"The rules" are actually, what you, as a sub/master want them to be. Really, the best advice is to sit down with your partner and negotiate the terms of your relationship. And this goes beyond merely the use of a safeword when doing a scene.
Points to ponder:
1. A D/S relationship is a *power sharing* relationship. Really. It is said that the sub in the relationship has "all" the power, because s/he has the ultimate power: to end it, by walking out. This is crap. Yes, it is the ultimate power (as in "final"), but ultimate is not "all", by any stretch of the imagination.

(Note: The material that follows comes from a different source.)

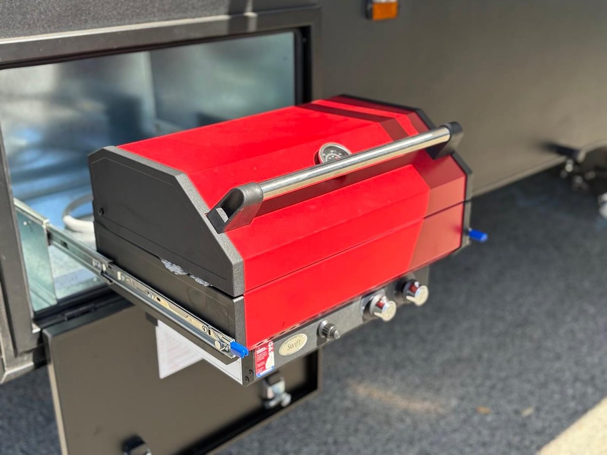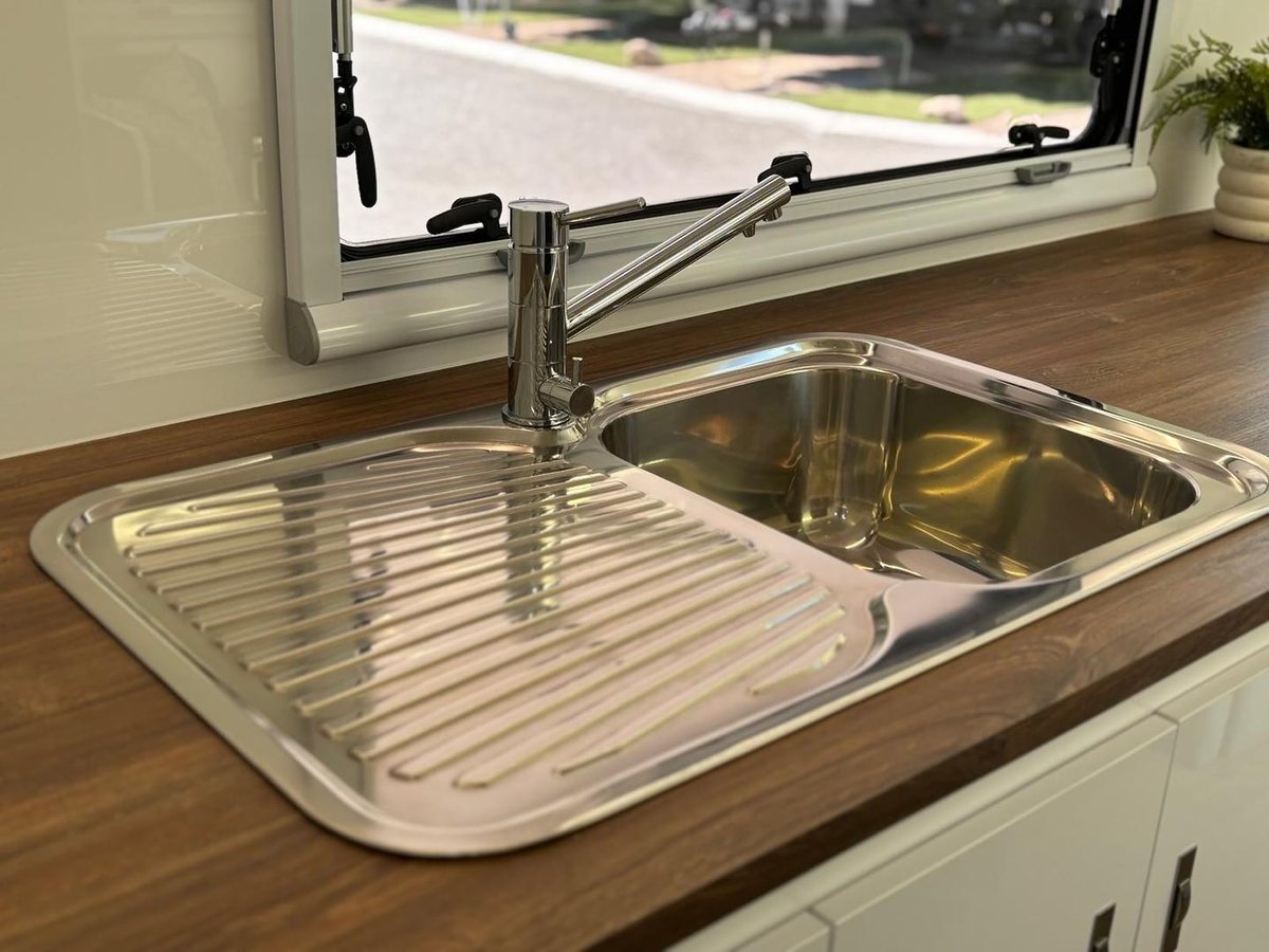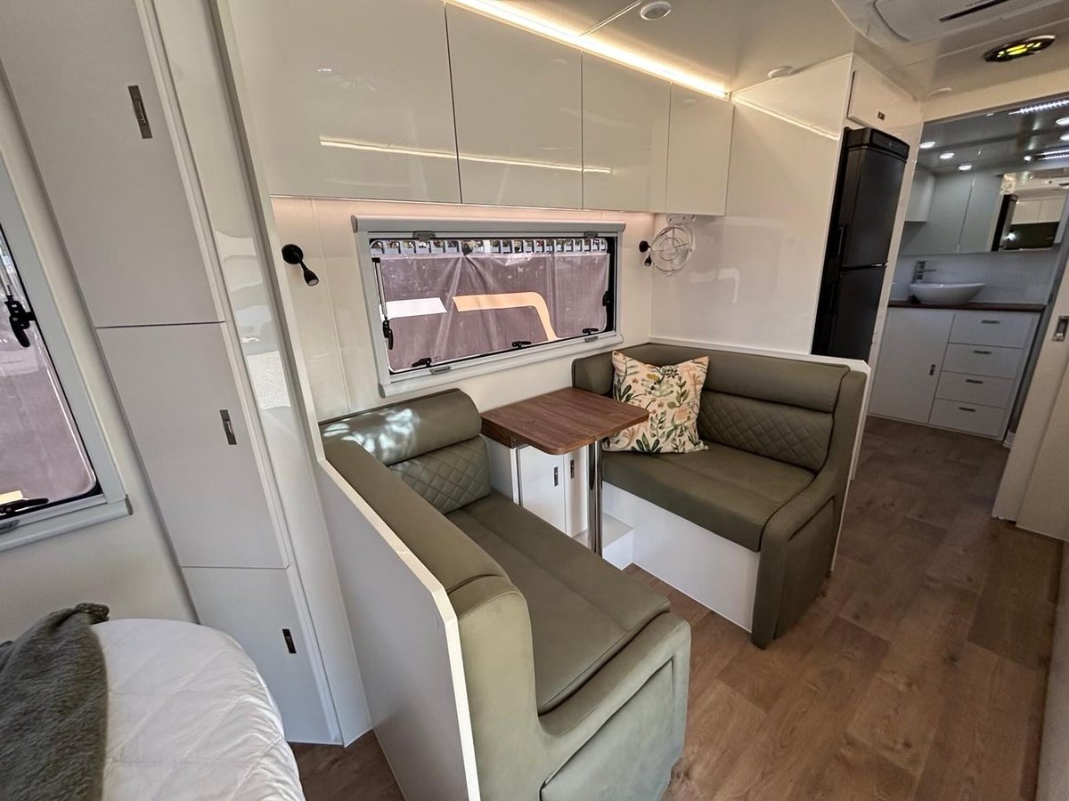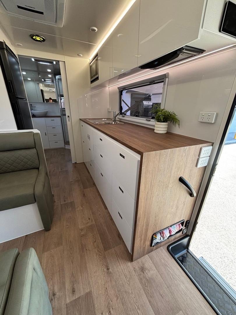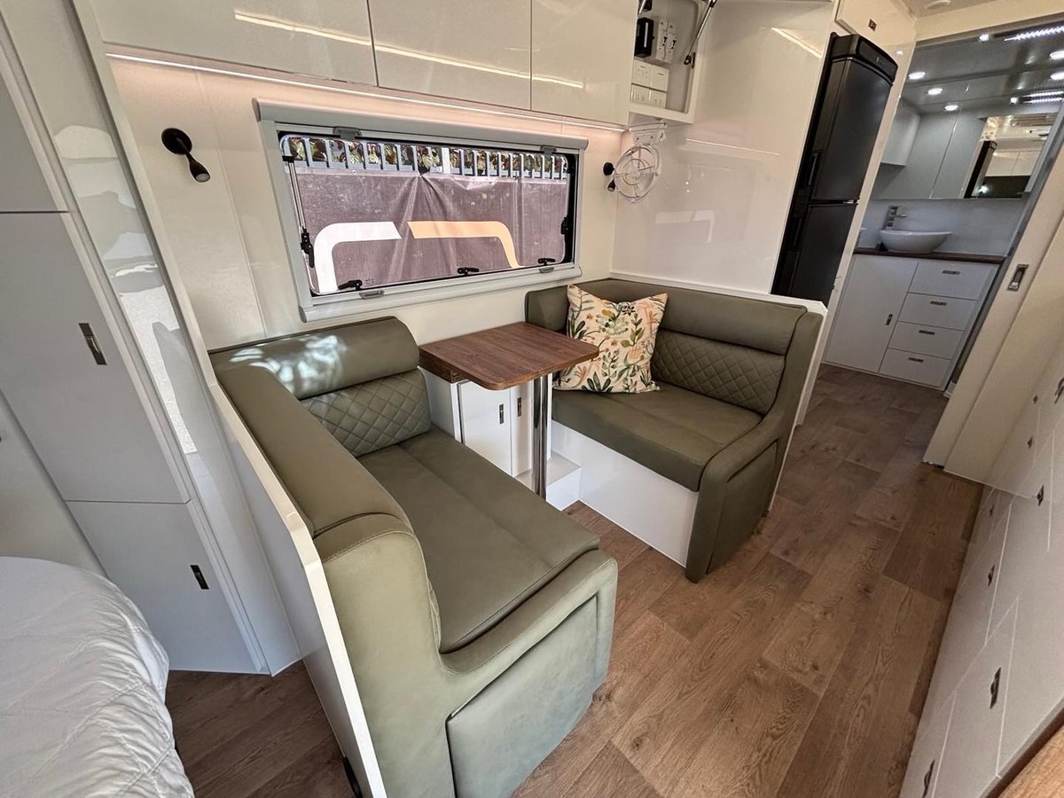 Every inch of this van has been thoughtfully crafted—from brushed silver handles to luxurious full-height cabinetry in matching metallic white. It’s not just a caravan. It’s a mobile lifestyle built for adventure in complete comfort.

2. How far does the D/S relationship go? ie, is it just in the bedroom, is it in domestic situations, does it cover any aspects of the sub/doms life outside the relationship?
3. Is the relationship to include others outside the relationship at the direction of the dom? If so, what activities are permitted, how often, and under what overall conditions?
4. Is switching roles to be allowed? If so, again, how often/under what circumstances?
5. Whatever the agreement, RESPECT it. If one of you feels uncomfortable with doing certain stuff, state that. And remember, it is possible to negotiate further negotiations. People are often curious about something, try it, and find they either do or do not like it. People do change their views. A regular "contract review" session (weekly, monthly, whatever you're comfortable with) should always be part of the plan.
6. Approach all this not as a burdonsome job, but as a fun activity. Hey, agreements can in and of themselves, make for some good foreplay.
7. Have fun, whatever you do.
__________________
On the kinkometer, my kink measures as a sine wave.